= Exercise instructions =
Reproduce verbatim the lines of the material below, starting at the line with "- On the Samsung" and ending at the line with "耐震診断編50分、補強設計編", both inclusive; skip the rest.

= Supplied material =
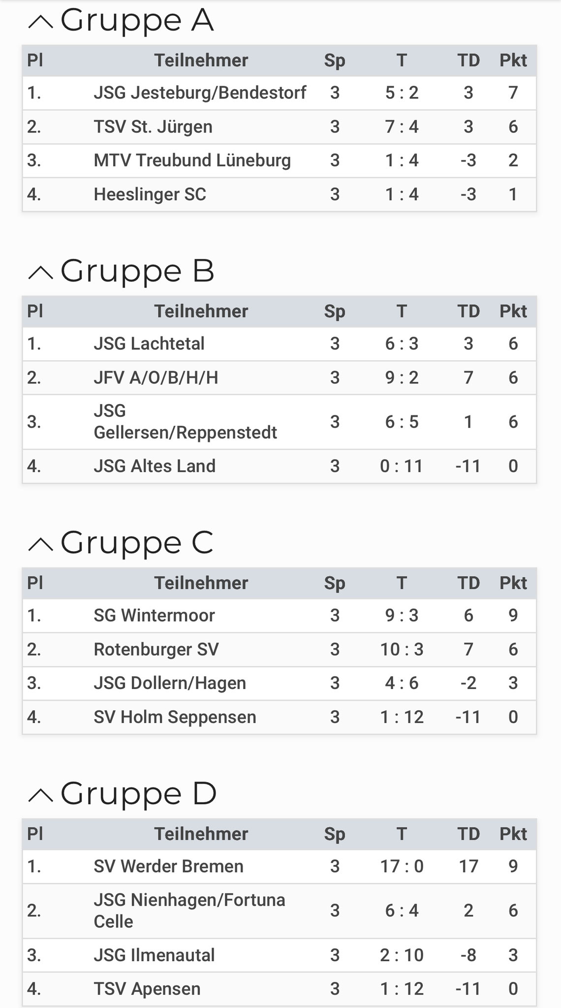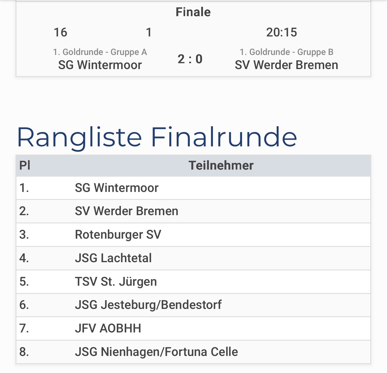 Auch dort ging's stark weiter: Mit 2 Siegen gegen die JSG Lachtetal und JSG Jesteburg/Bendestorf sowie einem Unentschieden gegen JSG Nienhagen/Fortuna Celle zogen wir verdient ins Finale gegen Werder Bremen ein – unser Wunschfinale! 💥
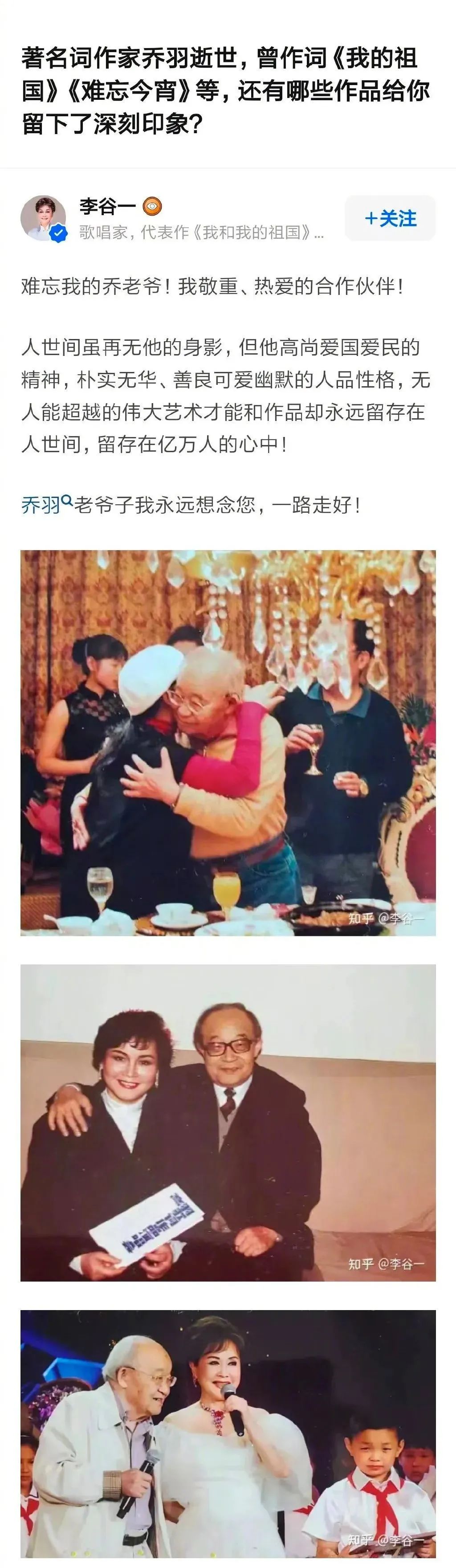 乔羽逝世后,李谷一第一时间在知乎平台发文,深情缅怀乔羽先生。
---
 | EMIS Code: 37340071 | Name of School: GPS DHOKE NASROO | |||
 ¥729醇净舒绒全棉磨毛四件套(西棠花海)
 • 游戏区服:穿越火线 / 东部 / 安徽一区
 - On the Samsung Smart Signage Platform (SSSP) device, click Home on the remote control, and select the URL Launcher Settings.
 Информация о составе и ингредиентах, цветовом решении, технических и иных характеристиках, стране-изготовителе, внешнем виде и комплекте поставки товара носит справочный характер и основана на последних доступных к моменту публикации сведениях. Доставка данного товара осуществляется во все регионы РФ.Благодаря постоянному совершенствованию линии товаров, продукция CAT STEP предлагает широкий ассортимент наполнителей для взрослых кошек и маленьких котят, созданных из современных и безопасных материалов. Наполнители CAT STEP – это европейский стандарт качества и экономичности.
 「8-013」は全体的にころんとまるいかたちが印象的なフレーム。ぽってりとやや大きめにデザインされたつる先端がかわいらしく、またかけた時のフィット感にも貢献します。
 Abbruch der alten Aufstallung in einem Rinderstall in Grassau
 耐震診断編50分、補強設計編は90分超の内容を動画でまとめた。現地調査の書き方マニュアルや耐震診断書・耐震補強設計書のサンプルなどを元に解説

= Written answer =
 - On the Samsung Smart Signage Platform (SSSP) device, click Home on the remote control, and select the URL Launcher Settings.
 Информация о составе и ингредиентах, цветовом решении, технических и иных характеристиках, стране-изготовителе, внешнем виде и комплекте поставки товара носит справочный характер и основана на последних доступных к моменту публикации сведениях. Доставка данного товара осуществляется во все регионы РФ.Благодаря постоянному совершенствованию линии товаров, продукция CAT STEP предлагает широкий ассортимент наполнителей для взрослых кошек и маленьких котят, созданных из современных и безопасных материалов. Наполнители CAT STEP – это европейский стандарт качества и экономичности.
 「8-013」は全体的にころんとまるいかたちが印象的なフレーム。ぽってりとやや大きめにデザインされたつる先端がかわいらしく、またかけた時のフィット感にも貢献します。
 Abbruch der alten Aufstallung in einem Rinderstall in Grassau
 耐震診断編50分、補強設計編は90分超の内容を動画でまとめた。現地調査の書き方マニュアルや耐震診断書・耐震補強設計書のサンプルなどを元に解説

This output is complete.